David Althaus comments on Making AIs less likely to be spiteful

David Althaus 29 Sep 2023 12:19 UTC
11 points
3
Really great post!

It’s unclear how much human psychology can inform our understanding of AI motivations and relevant interventions but it does seem relevant that spitefulness correlates highly (Moshagen et al., 2018, Table 8, N 1,261) with several other “dark traits”, especially psychopathy (r = .74), sadism (r = .59), and Machiavellianism (r = .59).

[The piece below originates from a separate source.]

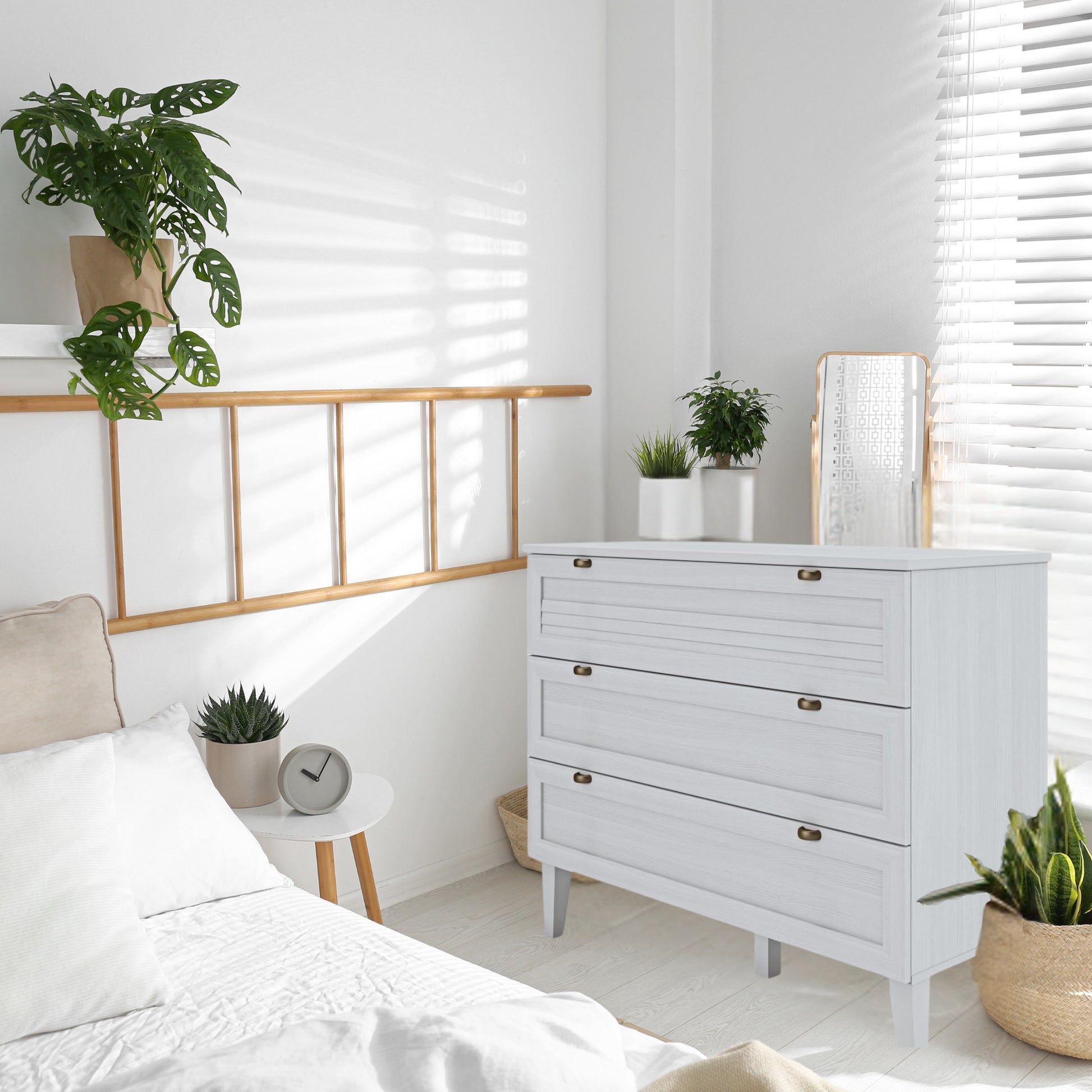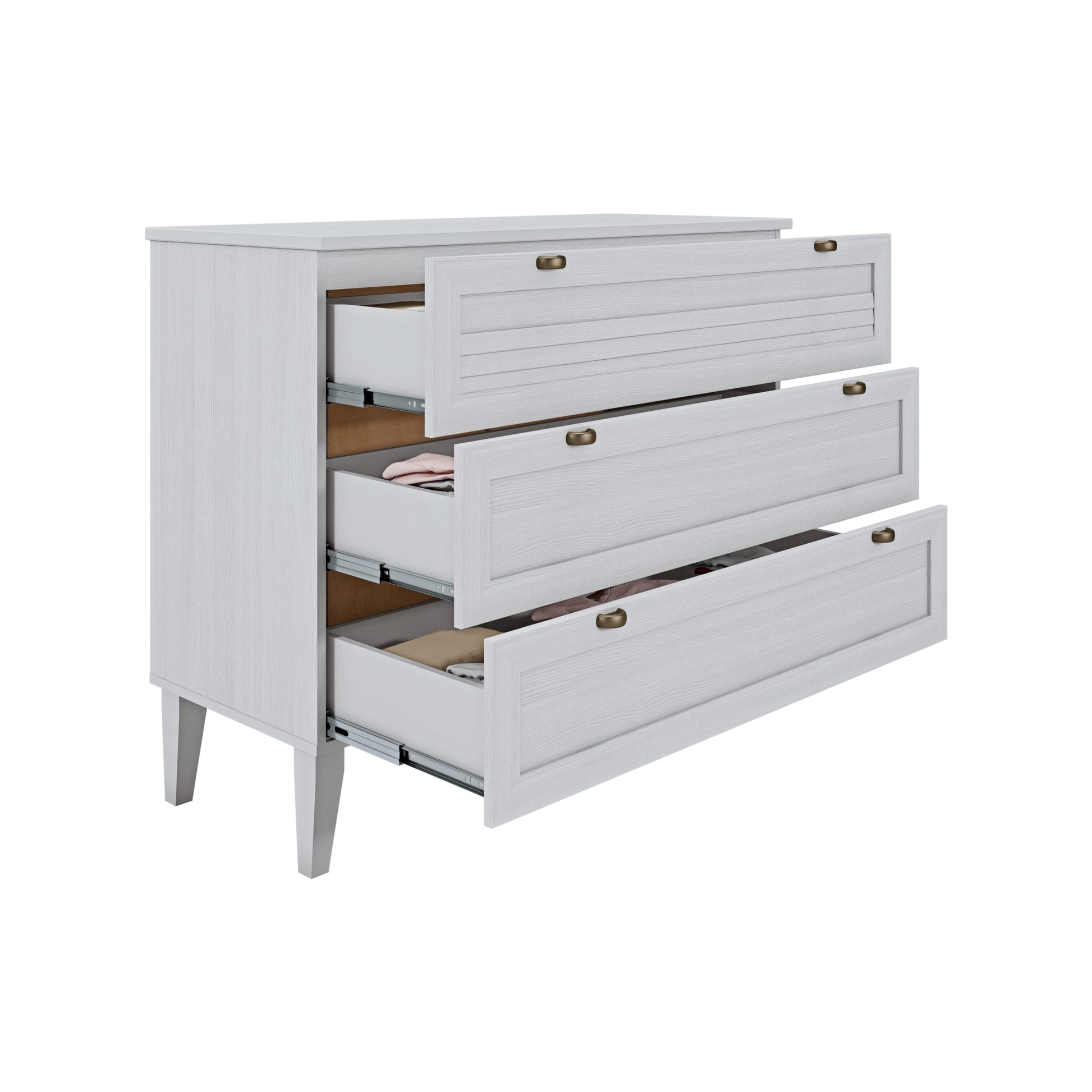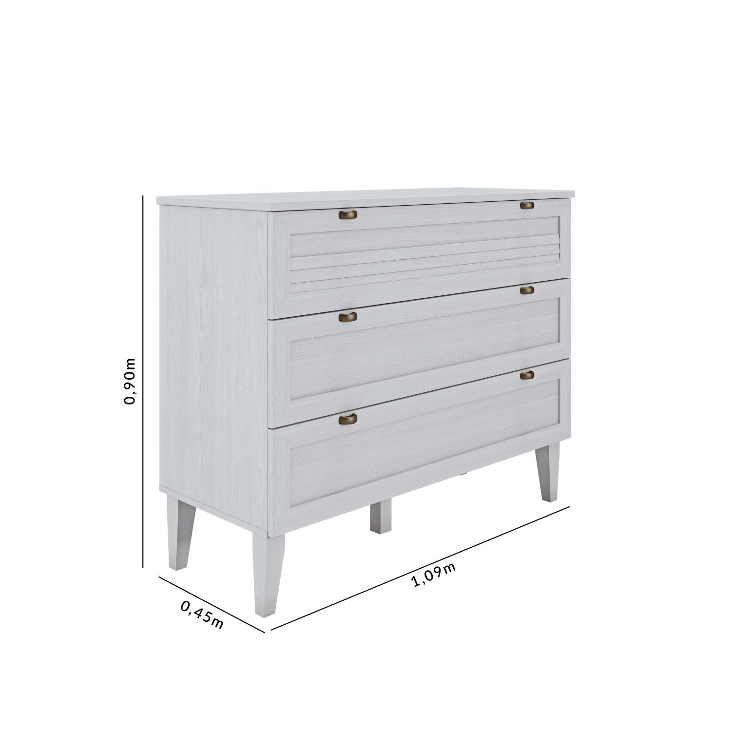 Cómoda, diseñada con 3 amplios cajones para organizar la ropa . Elaborada en madera 100% MDF con patas de madera, corredoras telescópicas y bisagras metálicas con amortiguador. Además cuenta con sistema de anti vuelco. No Incluye accesorios de fotografía.

(Moshagen et al. (2018) therefore suggest that “[...] dark traits are specific manifestations of a general, basic dispositional behavioral tendency [...] to maximize one’s individual utility— disregarding, accepting, or malevolently provoking disutility for others—, accompanied by beliefs that serve as justifications.”)

Plausibly there are (for instance, evolutionary) reasons for why these traits correlate so strongly with each other, and perhaps better understanding them could inform interventions to reduce spite and other dark traits (cf. Lukas’ comment).

If this is correct, we might suspect that AIs that will exhibit spiteful preferences/behavior will also tend to exhibit other dark traits (and vice versa!), which may be action guiding. (For example, interventions that make AIs less likely to be psychopathic, sadistic, Machiavellian, etc. would also make them less spiteful, at least in expectation.)